> Assigned task
With the pictures left aside, write out exactly the lines of the listing below from the line with "Ornement animal de" to the line with "Non-laminated folded paper", both included, and only those.

> Records shown
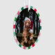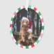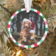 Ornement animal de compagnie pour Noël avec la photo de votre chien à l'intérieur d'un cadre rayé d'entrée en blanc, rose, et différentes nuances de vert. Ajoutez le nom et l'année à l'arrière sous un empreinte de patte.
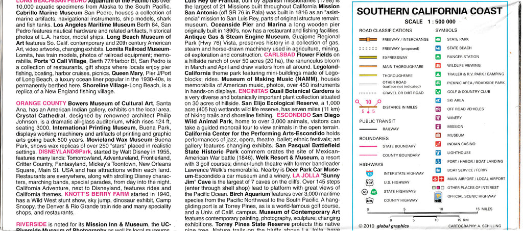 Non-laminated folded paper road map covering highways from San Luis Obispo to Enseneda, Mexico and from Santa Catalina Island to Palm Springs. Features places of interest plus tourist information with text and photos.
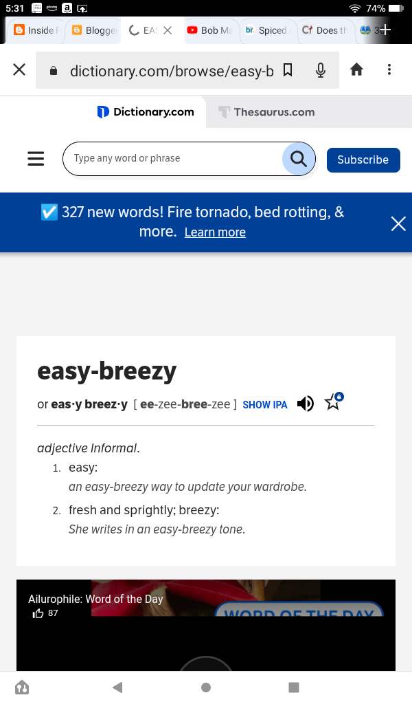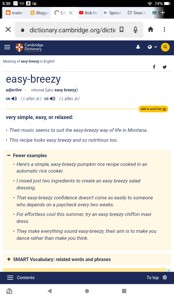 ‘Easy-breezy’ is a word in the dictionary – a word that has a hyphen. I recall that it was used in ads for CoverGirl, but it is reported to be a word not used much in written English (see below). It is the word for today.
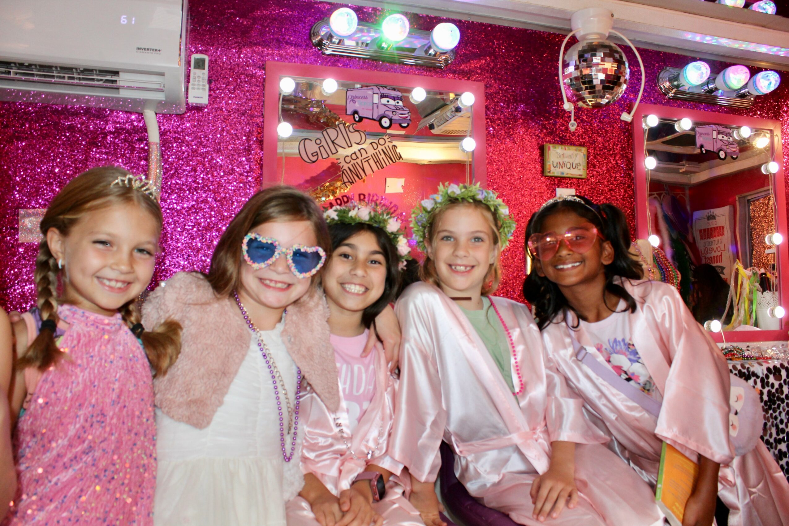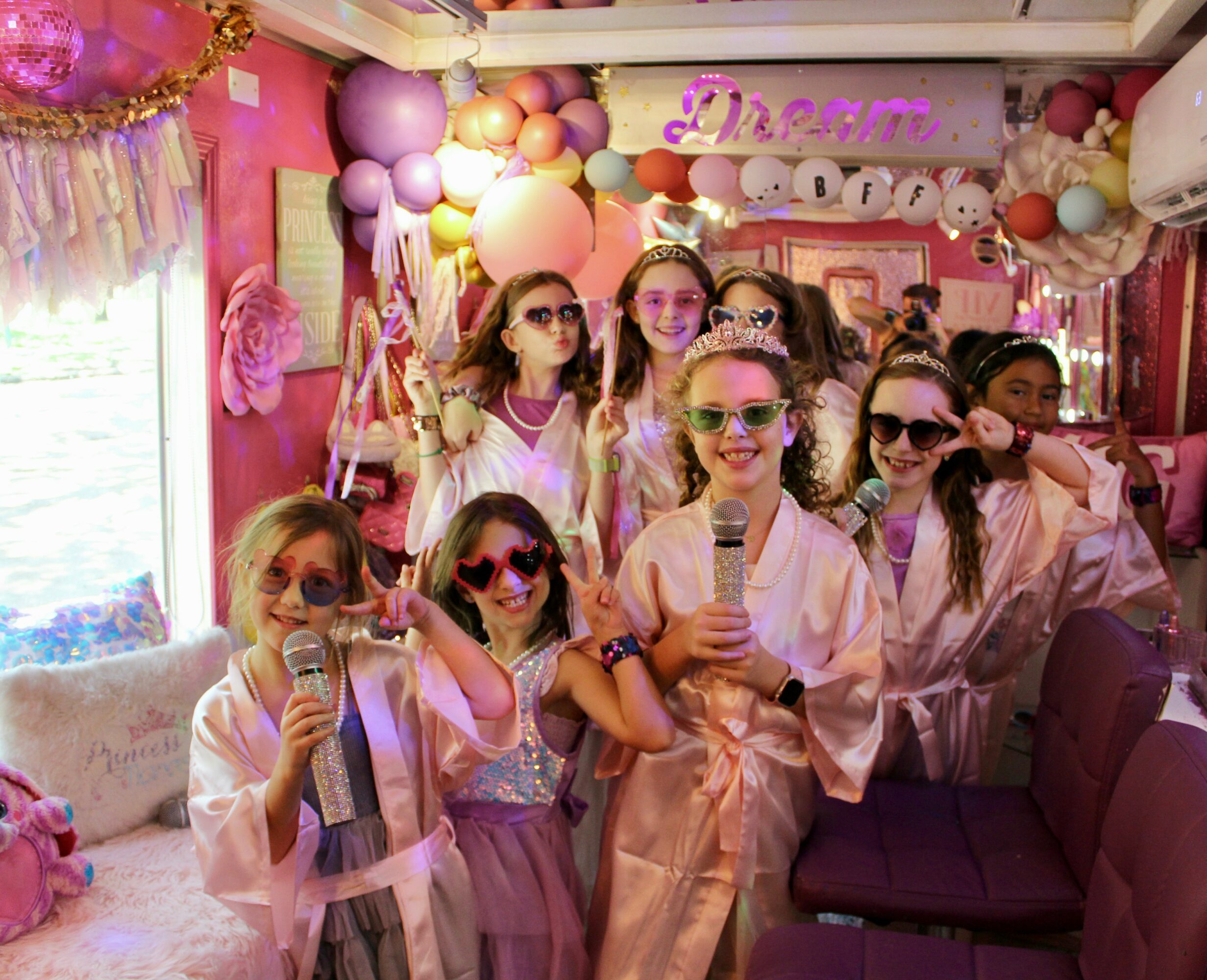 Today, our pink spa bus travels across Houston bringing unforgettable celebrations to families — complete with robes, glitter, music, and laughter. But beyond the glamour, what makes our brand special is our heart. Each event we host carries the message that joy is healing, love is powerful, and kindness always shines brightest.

--

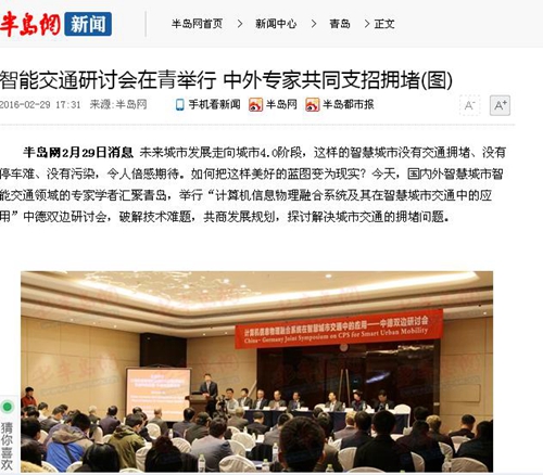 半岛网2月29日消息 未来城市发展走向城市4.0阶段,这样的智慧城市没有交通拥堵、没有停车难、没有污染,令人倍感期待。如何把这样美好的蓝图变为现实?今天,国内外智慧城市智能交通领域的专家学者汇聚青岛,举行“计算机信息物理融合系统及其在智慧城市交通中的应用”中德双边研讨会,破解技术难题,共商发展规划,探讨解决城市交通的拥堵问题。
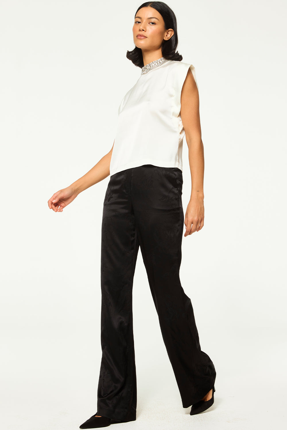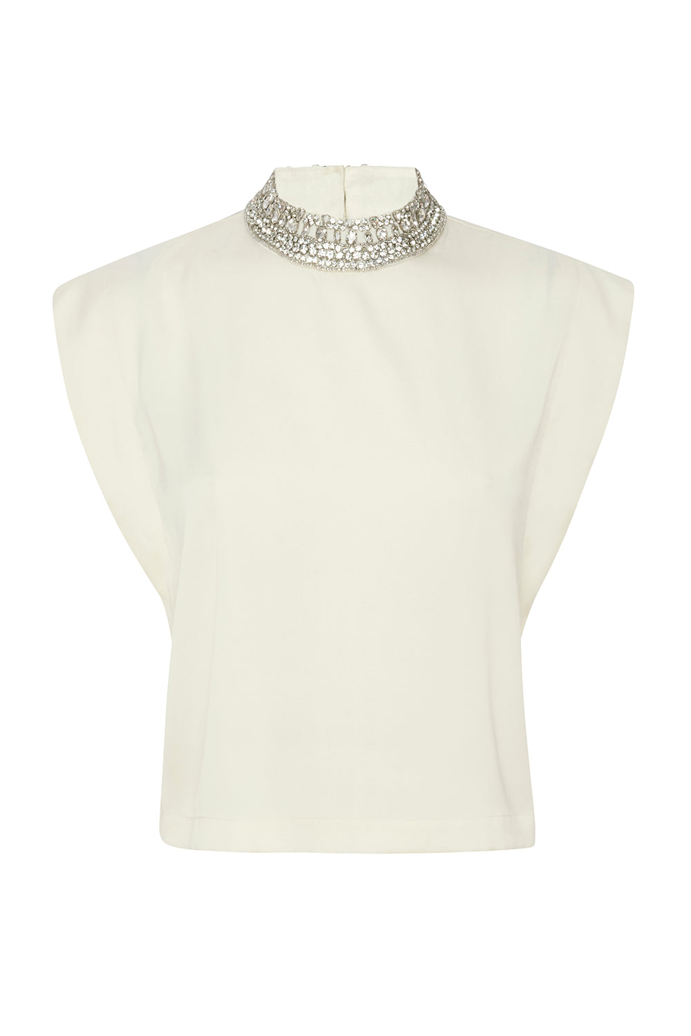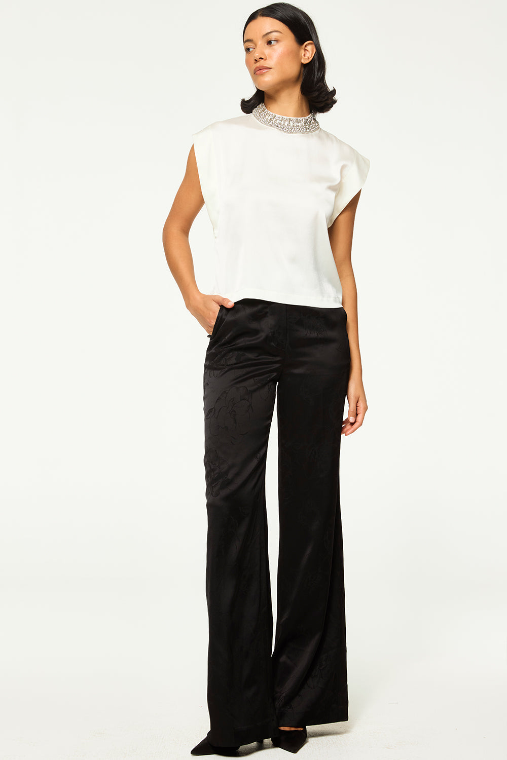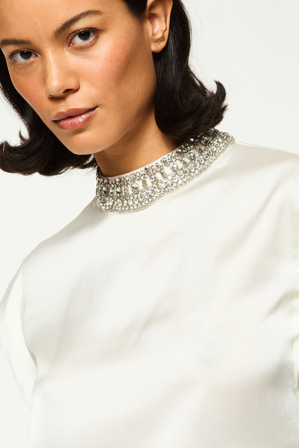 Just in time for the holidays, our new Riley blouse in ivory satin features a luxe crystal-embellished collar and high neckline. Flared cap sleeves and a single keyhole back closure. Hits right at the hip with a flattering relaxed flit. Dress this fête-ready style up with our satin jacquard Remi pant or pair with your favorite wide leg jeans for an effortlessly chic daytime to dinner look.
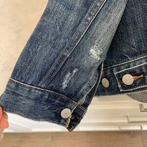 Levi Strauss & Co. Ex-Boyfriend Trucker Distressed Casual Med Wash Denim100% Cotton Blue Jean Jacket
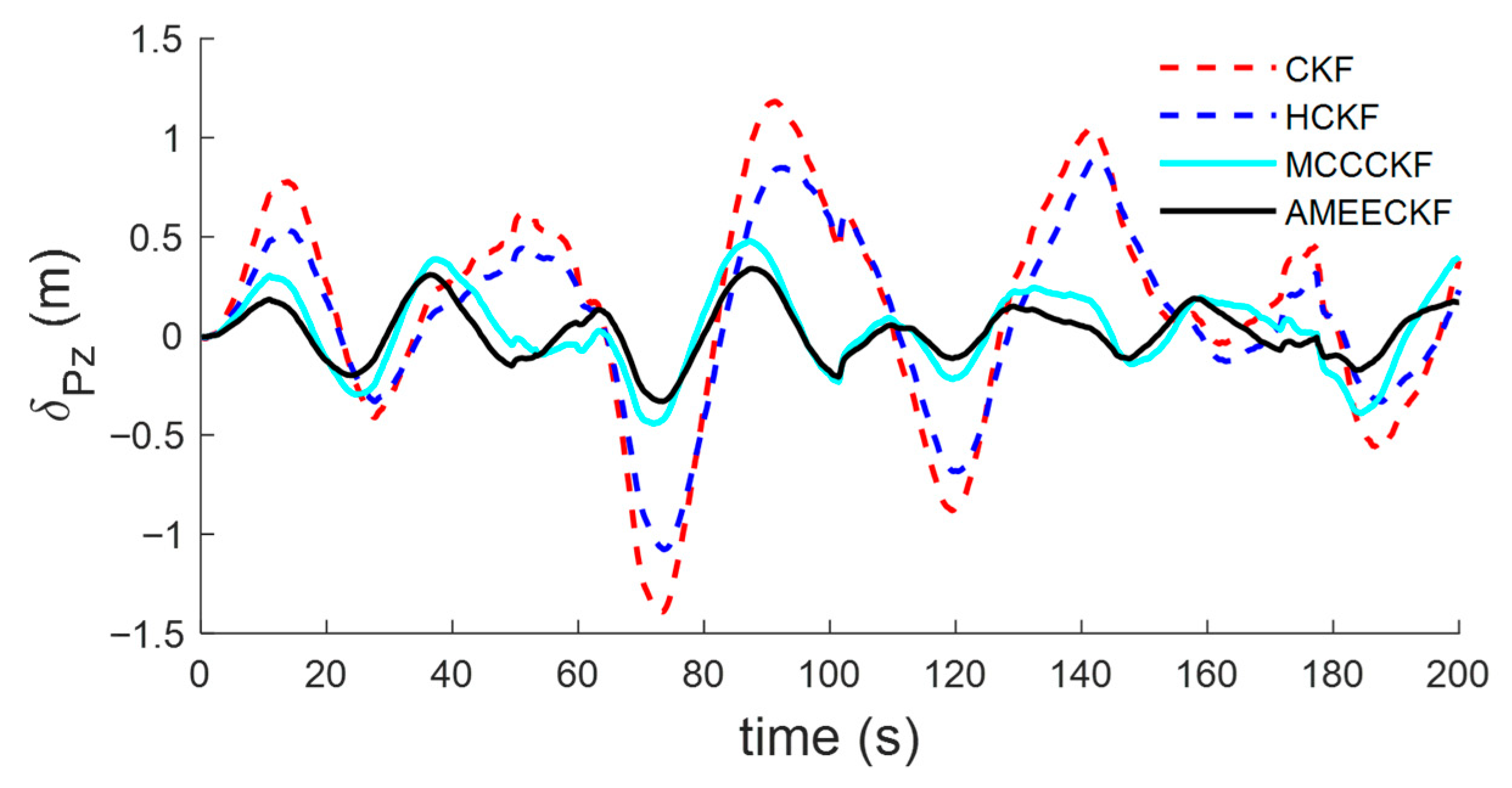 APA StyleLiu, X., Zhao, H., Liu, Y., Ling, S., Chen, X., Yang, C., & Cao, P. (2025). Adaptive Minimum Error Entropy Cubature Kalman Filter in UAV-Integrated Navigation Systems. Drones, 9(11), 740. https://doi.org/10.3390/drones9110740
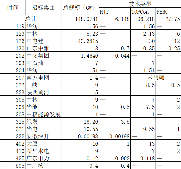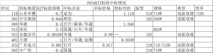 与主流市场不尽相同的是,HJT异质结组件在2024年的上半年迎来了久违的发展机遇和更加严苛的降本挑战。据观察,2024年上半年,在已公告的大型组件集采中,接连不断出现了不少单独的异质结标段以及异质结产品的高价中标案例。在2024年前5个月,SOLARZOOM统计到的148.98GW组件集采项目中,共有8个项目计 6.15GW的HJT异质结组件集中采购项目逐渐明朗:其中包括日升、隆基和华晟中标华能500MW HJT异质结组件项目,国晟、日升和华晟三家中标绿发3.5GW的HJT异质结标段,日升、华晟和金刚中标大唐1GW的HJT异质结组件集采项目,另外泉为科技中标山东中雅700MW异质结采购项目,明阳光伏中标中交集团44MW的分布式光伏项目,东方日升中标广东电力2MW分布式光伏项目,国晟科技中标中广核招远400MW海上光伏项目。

> Written reply
 Ornement animal de compagnie pour Noël avec la photo de votre chien à l'intérieur d'un cadre rayé d'entrée en blanc, rose, et différentes nuances de vert. Ajoutez le nom et l'année à l'arrière sous un empreinte de patte.
 Non-laminated folded paper road map covering highways from San Luis Obispo to Enseneda, Mexico and from Santa Catalina Island to Palm Springs. Features places of interest plus tourist information with text and photos.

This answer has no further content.